Dass Nobody Knows literarisch gleichermaßen interessiert, wie bewandert sind, ist nichts Neues. Wer sich in der Vergangenheit mit der Formation auseinandergesetzt hat, weiß dies und weiß auch, dass die Band auch vor schwierigen Stoffen nicht zurückschreckt. Da ist auch ein Kurt Tucholsky kein Stoff, der als zu schwer erachtet wird. Nein, mit Drei Minuten Gehör erscheint nun ein Album, das sich nur eben diesem widmet und dabei eine Zusammenarbeit darstellt mit Theaterschauspieler und Sänger Bernd Marquardt sowie der Musikerin Tabiha Harzer. In dieser Zusammensetzung hat man sich dem Gesamtwerk des Schriftstellers Tucholsky gewidmet hat.

Dabei sind es vor allem zwei Herangehensweisen, die das Album prägen: Im ersten Teil sind es musikalische Vertonungen von Texten des Kurt Tucholsky. Das kann ernst zugehen, das kann auch munter zugehen und auch mit einem Augenzwinkern ist immer mal zu rechnen. So klingt es beispielsweise in Wahre Liebe recht amüsant, wenn Max Heckel gut gelaunt ein „du bist so himmlisch dämlich“ singt. Ein Der Graben hingegen klingt mit Moll in folkiger Instrumentierung sehr nachdenklich, holt einen als Hörer aber dennoch gut ab und glänzt auch mit Solo-Momenten. Zudem werden auch kritische Nachfragen mit satirischer Umsetzung verbunden – beispielsweise in An das Publikum, das kritisch damit umgeht, dass gute Bücher nicht angenommen werden und fragt, ob das Publikum „wirklich so dumm“ sei.

Nach dem melancholisch und doch hoffnungsvoll anmutenden Instrumental Drei Minuten Gehör folgt die zweite Säule des Albums: Gelesene Gedichte, bei denen die Instrumentierung eher dazu dient, die Dramaturgie musikalisch zu untermauern, während aber sehr deutlich das gesprochene Wort im Vordergrund steht. Das kann mal deutlicher instrumentiert sein wie in Danach, aber auch mal sparsamer und dezenter wie in Media in vita. Was dabei auffällt ist, wie gut die Stimme sich in die vorgetragenen Texte einfindet. Der Tonfall in Das Ideal, von einem ruhigen Piano begleitet, lässt einen fühlen, als sei man mitten im Dialog (obgleich man eigentlich nur einen Monolog hört) und mitten im Geschehen. Auch die Reimkunst wird hier sehr filigran umgesetzt.

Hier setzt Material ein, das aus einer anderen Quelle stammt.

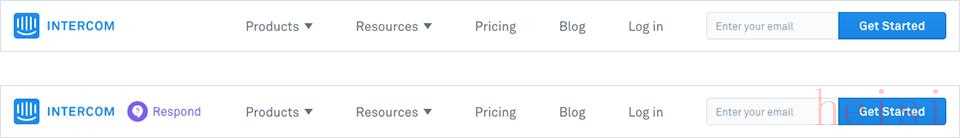 繼續(xù)以Intercom為例,首頁導(dǎo)航在滾動時保持常駐。當(dāng)點擊首頁導(dǎo)航到達子產(chǎn)品頁面后,導(dǎo)航保持一致,只是在原先的主LOGO旁多了一個子產(chǎn)品LOGO來表明當(dāng)前所在頁面,點擊主LOGO可以返回首頁:
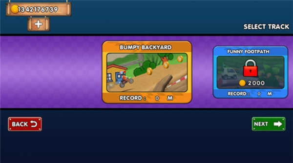 2、在游戏主界面,你可以滑动下方的车辆列表来解锁新车。每辆车都需要消耗金币,选好心仪的车后,点击“下一步”就能进入下一个页面。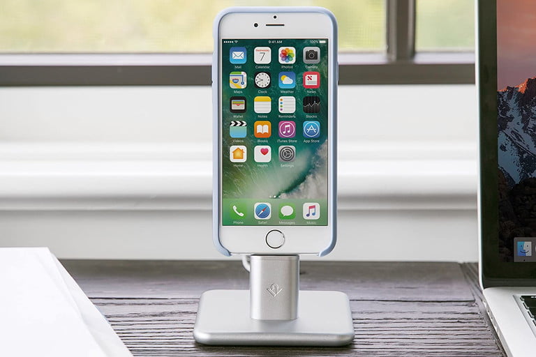 Aquí tienes un elegante pedestal de metal con un acabado en negro, plateado o blanco. El soporte acopla tu dispositivo en la parte inferior, por lo que se puede usar con cualquier iPhone o iPad (excepto los nuevos modelos iPad Pro y iPad Air con un puerto USB-C), con o sin funda.

Nachdem man die insgesamt 22 Titel auf gut 70 Minuten gehört hat, weiß man, dass man hier erneut nichts verkehrt gemacht hat. Was Nobody Knows in die Hand nehmen, das gelingt. So ist es auch auf Drei Minuten Gehör, das nicht einfach nur gelungen ist, sondern das erneut auf einem sehr hohen Niveau!

Der Vollständigkeit über hier noch eine Titelliste:

01. Augen in der Großstadt
02. Singt eener uffn Hof
03. Wahre Liebe
04. Mutterns Hände
05. Park Monceau
06. Der Graben
07. An das Publikum
08. Das Lied vom Kompromiss
09. Wenn die Igel in der Abendstunde
10. Drei Minuten Gehör
11. Danach
12. Die Herren Zuhörer
13. Media in vita
14. Das Ideal
15. Ideal und Wirklichkeit
16. Aus!
17. Ein älterer, aber leicht besoffener Herr
18. Aufgewachsen bei
19. Zur soziologischen Psychologie der Löcher
20. Jener Tag
21. Der Graben (feat. Bernd Marquardt)
22. Wenn die Igel in der Abendstunde (feat. Bernd Marquardt)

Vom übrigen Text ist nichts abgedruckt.